A Quick Rule of Thumb for Prioritizing Tasks When You Are Overwhelmed

A classic survival tip for how to prioritize when you find yourself in a life threatening situation can be surprisingly helpful for prioritizing your work tasks. Read on to see how you can use it when you feel overwhelmed.
Matt Talbot
CEO of Superchart
November 15, 2022

If there is one thing that we can all agree on, it’s that there are often times when it feels like there is simply too much to do.

It can be overwhelming walking into work and seeing an ever growing task list that seems impossible to tame. This type of overwhelm can lead to high stress levels which will ensure that you are not delivering your best work. 

But often in the fog of a long task list and a busy week, it can be hard to know which tasks you should tackle first. At the end of the day, any task prioritization strategy relies on your ability to understand how each task maps to your main objectives. 

Even though work (for most of us) isn’t a matter of life and death, a classic survival technique called the “Rule of 3” can help us prioritize the most important tasks that we must accomplish. 

What is the “Rule of 3” that is used in Survival Training?

This rule of thumb that is used in the survival community spells out some basic rules to keep in mind when you are in a survival situation. 

The rule sets the following guidelines: you can survive without air for 3 minutes, without shelter for 3 hours, without water for 3 days, and without food for 3 weeks.

The helpful part about this rule is that it prescribes the most important tasks you must accomplish in order to survive.

First, make sure you are able to breathe! You cannot survive very long without air to breathe, so first things first, you must take action to ensure you have breathable air.

Second, you should take care of your shelter. Especially if conditions are rough, you need a place that can provide protection from the elements. 

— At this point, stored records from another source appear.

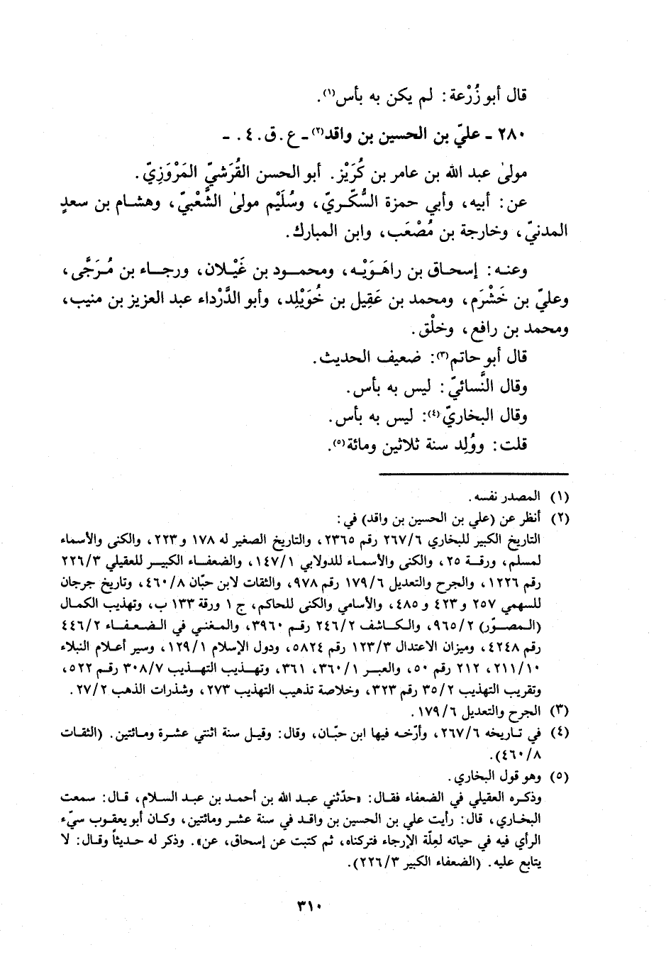 [2] انظر عن (علي بن الحسين بن واقد) في: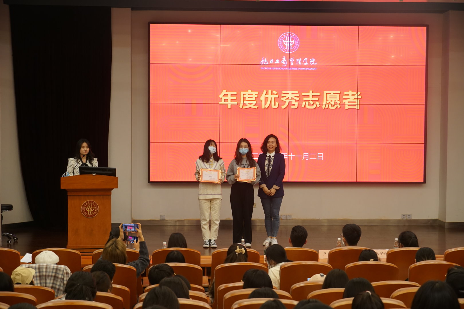 11月2日,成人网址 年度优秀志愿者表彰暨优秀志愿者分享会在旭日楼400举行。介绍成人网址 志愿服务工作,表彰过去一年志愿服务先进个人和团队,呼吁更多管院学子加入到志愿服务当中来。成人网址 学生工作办公室主任高加加、志愿者管理中心指导老师努尔顿,专职辅导员谢孟婷参加表彰大会。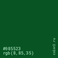 Цвет #085523 в цветовой модели RGB обозначается тремя октетами (8, 85, 35) в десятичном формате и #085523 в шестнадцатиричном (hex) формате, которые являются интенсивностью красного 8 (hex 08), интенсивность зелёного 85 (hex 55) и интенсивность синего 35 (hex 23).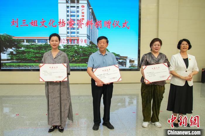 當天活動現(xiàn)場還舉行了劉三姐文化檔案捐贈儀式,柳州《劉三姐》創(chuàng)作組曾昭文、龔邦榕、鄧凡平、牛秀四位作家簽名的創(chuàng)作于1991年的彩調(diào)劇《劉三姐》(第九方案)封筆之作的手稿原件,也由其中的作者曾昭文之子捐贈。另外,廣西戲劇院、“劉三姐”扮演者傅錦華女兒傅彬彬等捐贈了相關(guān)“劉三姐”照片,廣西壯族自治區(qū)檔案館領導為捐贈者們頒發(fā)了收藏證書。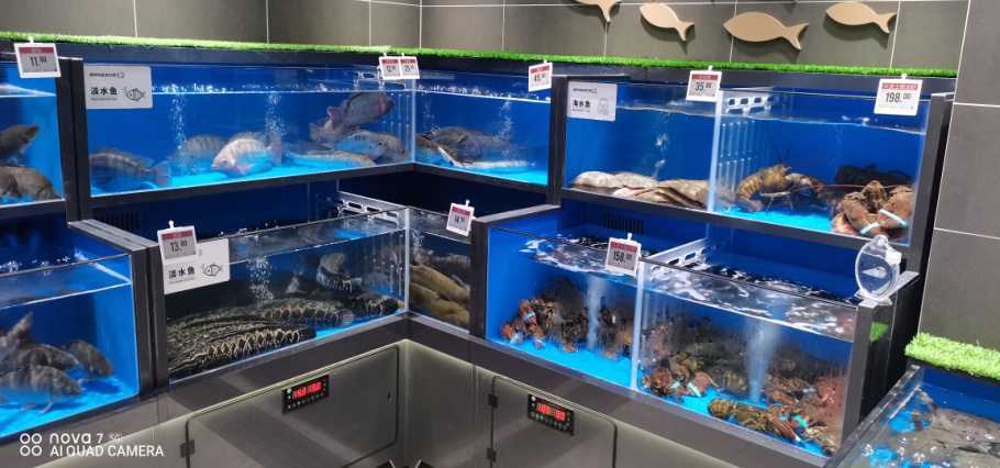 肉禽区域在卖场最深处做引流,冷藏柜展示猪肉分割、联营猪肉、湘佳鸡和调理制品。水产部门紧挨着肉禽区域,单独一个水产的售卖区域,以活鲜为主。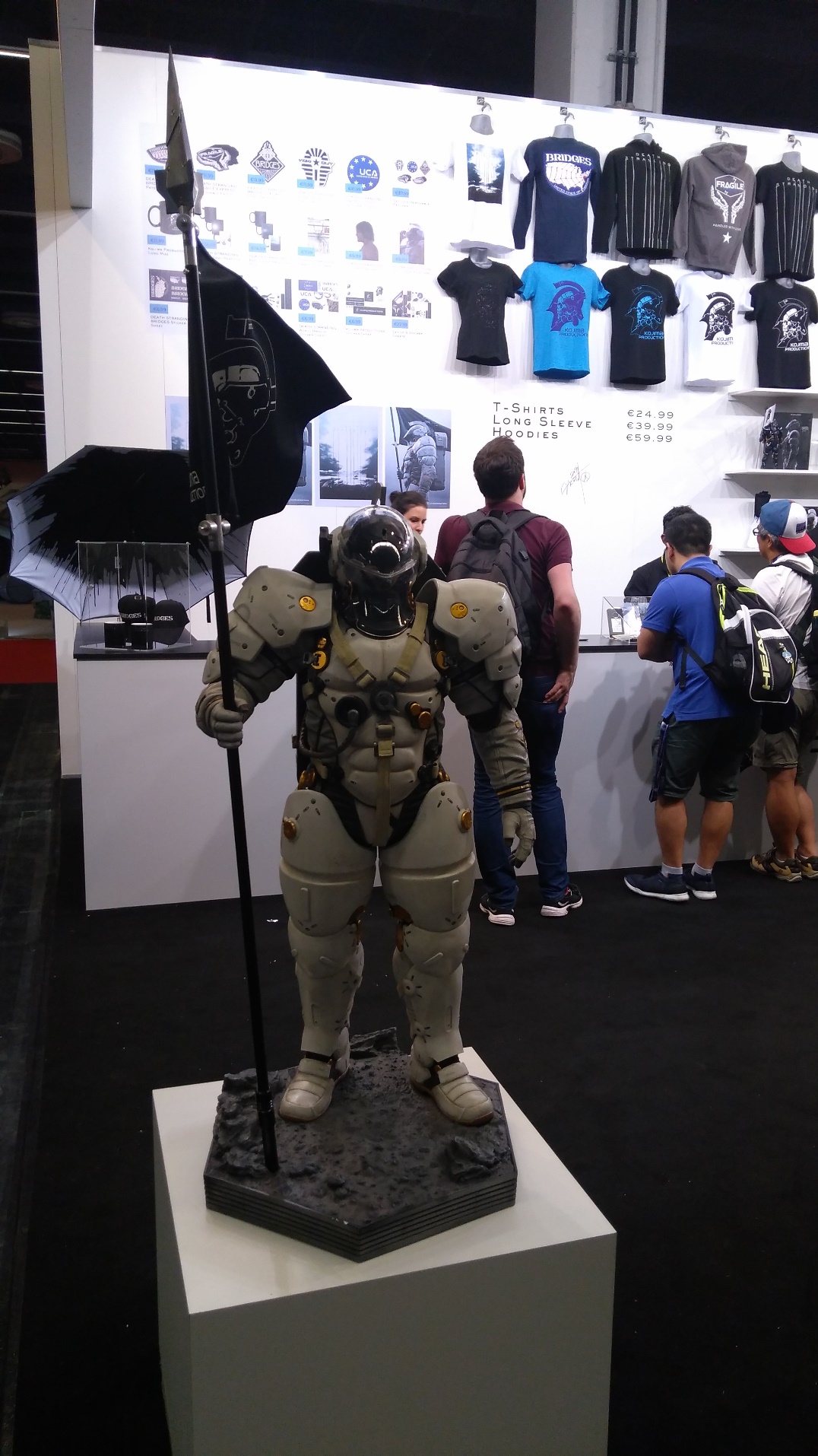 Kojima Productions avait pour la première fois dans un salon (à ma connaissance) sa propre boutique avec des tshirts, sweats, casquettes et autres arborant le logo du studio et de Death Stranding.

Third, make a plan or seek clean and fresh drinking water. Humans can’t survive without water for very long, so after you have ensured you can breathe and that you have shelter, it’s time to take on the task of finding drinking water.

Finally, after you have air, shelter, and water, you should focus next on finding a source of food. We can go a surprisingly long time without food, but you do still need it to survive of course, so this is the next task to tackle. 

Notice how the Rule of 3 can give anyone caught in a life or death survival situation a playbook for what they should focus on first. This type of simple rule of thumb can help you think clearly even in a very risky situation.

How Can I Apply the Rule of 3 to my Work Tasks?

What makes the Rule of 3 so memorable is that it’s simple and visceral, which is important for any rule that you want to use during a period of duress.

Even though work is admittedly not as scary or as consequential as a life or death survival situation, being overwhelmed with too many tasks can make you nervous and stressed out nonetheless.

Since work is a little different from an intense survival situation, we propose a slightly modified “Rule of 3” that can be used to prioritize work tasks. 

First, what tasks must you accomplish in the next three hours? These tasks are typically tasks that have an important deadline that is extremely imminent. An example of this could be filing a certain document or returning an important phone call. 

Second, what tasks must you accomplish in the next three days? You have a little more time to process these tasks and get ahead of the request, but in most cases, three days is not a ton of time to get something done, especially if the task is more complex. 

Third, what tasks must you accomplish in the next three weeks? These tasks have plenty of time left, so you can safely punt them for a few days. This is a good opportunity to review the tasks to make sure you have what you need to get them done, but you don’t need to take action at the exact moment. 

This simple process lets you bucket tasks into three distinct priority groups which should help you feel more in control of your day and more confident that you have prioritized the most critical tasks.  

A Few Caveats

Like we mentioned at the beginning of this post, the most important part of any prioritization process is making sure that the tasks you are taking on align with your core goals and objectives. 

If you have tasks on your plate that do not align with you goals and objectives, the action you need to take is to eliminate them from your list! There are of course expectations: you may be required, by law or by a manager, to do something that doesn’t align with your goals, so you can’t eliminate those tasks, but any task that is not important to your goals should be an easy cut from your list. 

Second, if the task on your list is a request from someone else but it doesn’t align with your goals, please don’t simply cut the task without communicating to the person that made the request. 

Finally, there are times when the urgent will take over the important, and that’s ok. But if you find yourself constantly in a state of dealing only with urgent tasks, you should rethink your workflow or the tasks you are committing to do. Perhaps you have too much on your plate or you are under-resourced. Either way, examining whether your task list aligns with your goals is a great practice to make sure you are making progress at work.

In Conclusion

Using a simple, modified Rule of 3 can help you quickly allocate and bucket tasks into groups that help you feel in control. Further, by prioritizing based on when you need to deliver a result, you can ensure that you are completing the most important tasks first.